A Growing Company with Constant Leverage
Chapter XI. Algebraic Budgeting, 1-6, 128.
The formulas for the investment value of common stocks given in earlier chapters would be of little use unless some way could be found to estimate the size of the dividends whose present worth it was there proposed to take. How to estimate these future dividends is the heart of the problem, and in helping to solve this problem, the present book hopes to make a significant contribution to the art of Investment Analysis. The solution to be proposed is straightforward; it consists in making a budget showing the company's growth in assets, debt, earnings, and dividends during the years to come. This budget is not drawn up with debit and credit, however, using a journal and ledger as an accountant would do, but is put in algebraic form in a way that is altogether new to the accountant's art. The simplifying assumptions can be set down mathematically in the form of seven constant characteristics of such a company: (i) The return on invested assets stays the same; (ii) The ratio of stocks to bonds in its capitalization stays the same; (iii) The rate of interest paid on bonded debt and other senior securities stays the same; (iv) The rate of growth of invested asses stays the same; (v) We prove that for a company with these properties until the point of slackening growth arrives, the rate of net dividend, expressed as a ratio to book value, stays the same; (vi) Since all terms on the right-hand side of these last equations are constant, according to characteristics (i) to (iii) set forth above, it follows that the rate of earnings on book value of common is also constant under these conditions. We prove the reinvestment rate, expressed as a ratio to book value, constant like the rate of earnings on book value of common; (vii) Since the growth in assets in percent per year is constant by hypothesis it follows that the reinvestment rate is also constant. Having proved that both the rate of net dividend and the reinvestment rate are constant, we can now see that the pure dividend rate, expressed as percent of book value, is also constant. We can now show that the dividends themselves follow a compound interest law till the point of inflection is reached. Since dividends thus increase according to a compound-interest law up to the point of inflection in the company's growth, the value of its stock may be found by one of the formulas already worked out in Chapter VII, 2, which is Equation (22b).
Model 7: Logistic Growth. Equation (67a), 140. Derived from Equation (22b). Its dividends beyond the point of inflection.
Model 8: Book Value at the Point of Inflection. Equation (75a), 143.
Model 9: Price-Earnings Ratio at the Point of Inflection. Equation (79a), 144.
Model 10: Yield at the Point of Inflection. Equation (90a), 146.
Chapter XI. Algebraic Budgeting, 7. Special Case Where w = 1, 147.
Model 11: Logistic Growth. Equation (67b), 148. Derived from Equation (67a).
Model 12: Book Value at the End. Equation (75b, 75c, or 75d), 148. Derived from Equation (75a).
Model 13: Price-Earnings Ratio at the End. Equation (79b or 79c), 148. Derived from Equation (79a).
Model 14: Yield at the End. Equation (90b), 148. Derived from Equation (90a).
These formulas are very convenient for the hasty appraisal of growing companies. In appraising such companies, it is often enlightening to pose the question, How far ahead is the market discounting a progressive increase in dividends? To determine the market's implied consensus horizon, the equations for Vo can be rearranged into equivalent equations for n, the number of years dividends are paid or cash flow is received, and then solved.
Model 15: Book Value at the End. Equation (75e or 75f), 150. To answer this question, an inverted form of Equation (75c) may be used to solve for n.
Model 16: Price-Earnings Ratio at the End. Equation gives (79d), 150. A similar transformation of equation (79c) may be used to solve for n.
Model 17: Yield at the End. Equation (22e), 150. Likewise, instead of transforming (90b), it is usually better to transform (22c) and solve for n.

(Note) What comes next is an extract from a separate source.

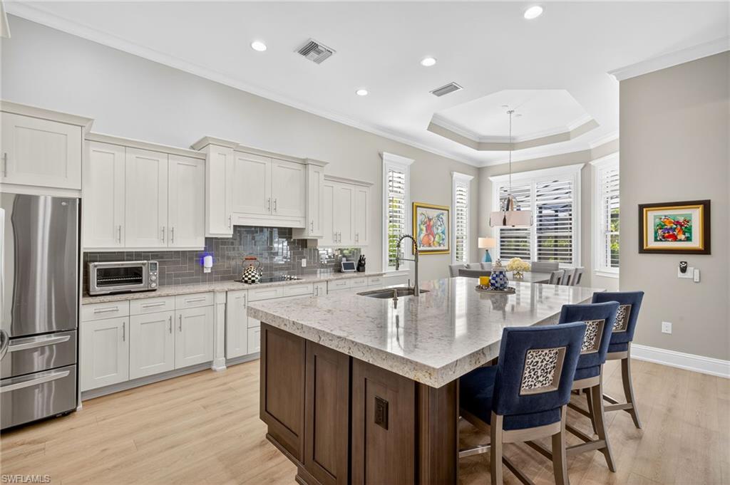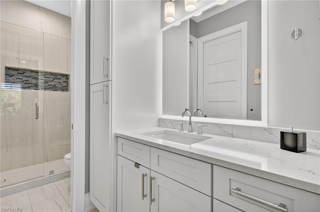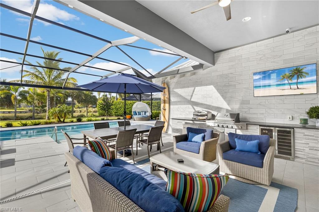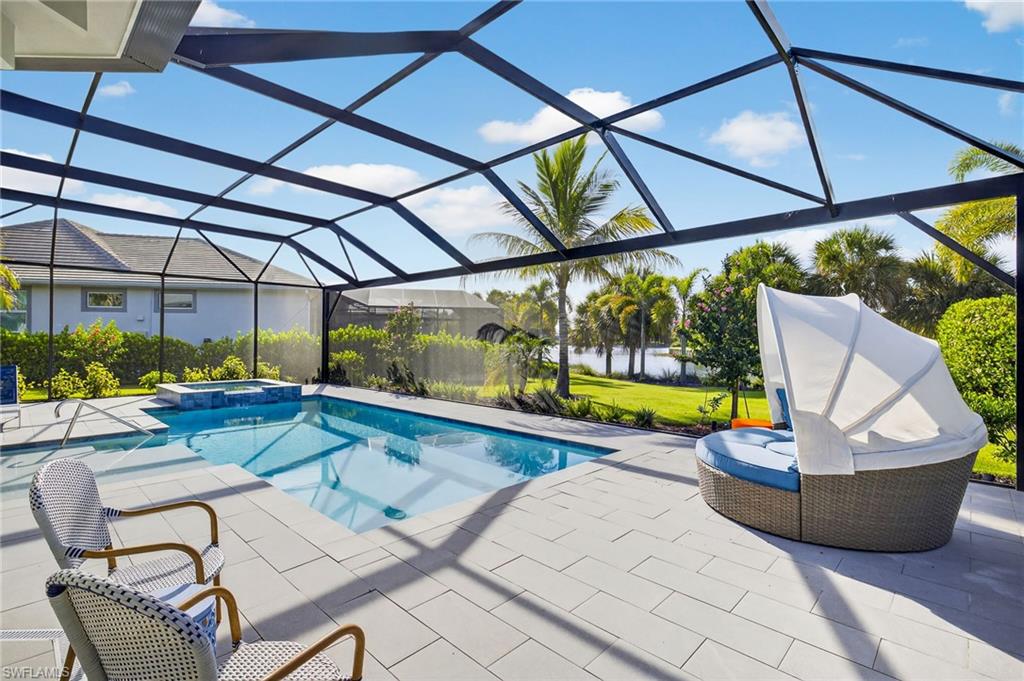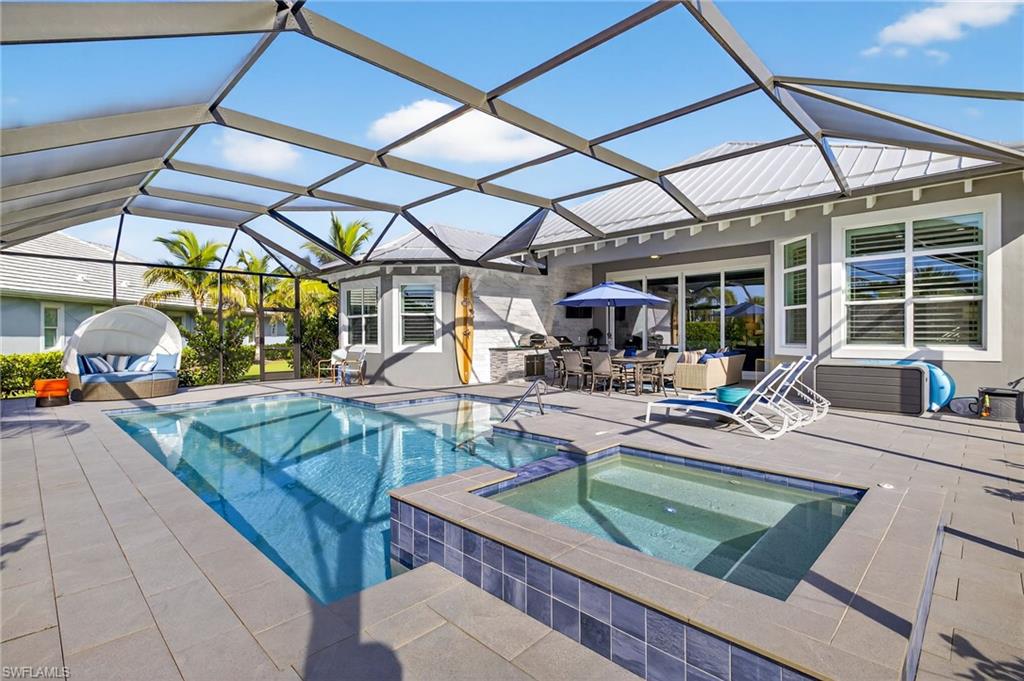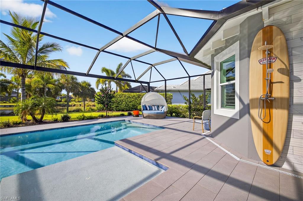 RARE OVERSIZED 1/2 ACRE LOT WITH DESIREABLE REAR SOUTHEASTERN EXPOSURE! This impeccable Minto built ‘Pimento’ home in The Isles of Collier Preserve is ideally situated on a premier, oversized, ½ acre pie shaped lot featuring desirable southeast rear exposure. This generous lot provides the option for the new owner to add onto the home, if desired! This beautifully customized property is a showcase of coastal luxury, thoughtful design, and modern convenience. The light-filled open-concept floor plan features luxury vinyl plank flooring, plantation shutters, custom lighting and fans, and soaring ceilings throughout. A chef-inspired kitchen boasts quartz countertops, soft-close shaker cabinetry with built-in spice racks, ‘Shelf Genie’ pull-out drawers, a new refrigerator & garbage disposal (2023), and Bosch dishwasher (2025). The living area includes a custom built-in entertainment center with electric fireplace, while motorized privacy shades add function and comfort. Both bathrooms were fully remodeled in 2025, offering spa-like finishes including frameless glass showers, custom vanities with storage, and custom storage niches. Upgrades in the 3-car garage include professionally installed overhead motorized storage, epoxy floors, custom built-ins, slat walls, epoxy flooring and an A/C, mini-split. Additional upgrades include a new hot water heater (2024), and Electrolux washer and dryer on pedestals (2023). Custom closets are found throughout the home—including dual walk-ins in the primary suite. Enjoy true indoor-outdoor living on the expansive lanai featuring a brand-new saltwater pool and spa, travertine pavers, custom outdoor kitchen featuring a gas grill, beverage fridge, dramatic tile backsplash, and outdoor shower (2023) —perfect for entertaining or relaxing in privacy. Professionally installed landscape & lighting includes 30 mature palm trees, calusia privacy hedging, custom up-lighting, and refreshed garden beds front and back (2025). Additional peace of mind comes with a metal roof, impact-resistant windows and doors, retractable screen front entry, and a freshly painted interior and exterior. Isles of Collier Preserve, residents enjoy resort-style amenities including a clubhouse, fitness center, resort and lap pools, 6 tennis courts, 14 pickleball courts, kayaking, scenic nature trails, and the waterfront Overlook Bar & Grill. Just minutes to downtown Naples, 5th Avenue, and white sand beaches. This move-in ready home is a rare opportunity to enjoy luxury living in one of Naples' most desirable communities.

A Growing Company with Increasing Leverage
Chapter XII. Algebraic Budgeting (continued), 151.
Model 18: Book Value at the End. Equation (93), 156.
Model 19: Price-Earnings Ratio at the End. Equation (99), 159.
Model 20: Yield at the End. Equation (99), 159.
The foregoing equations for the value V of a company’s stock can also be used to find the number of years n that it would take for the company to reshape its capitalization to any specified leverage. We have simply to treat Vo as a known quantity, setting it equal to the present market price Mo, and solve the equation for n by a method of successive approximations.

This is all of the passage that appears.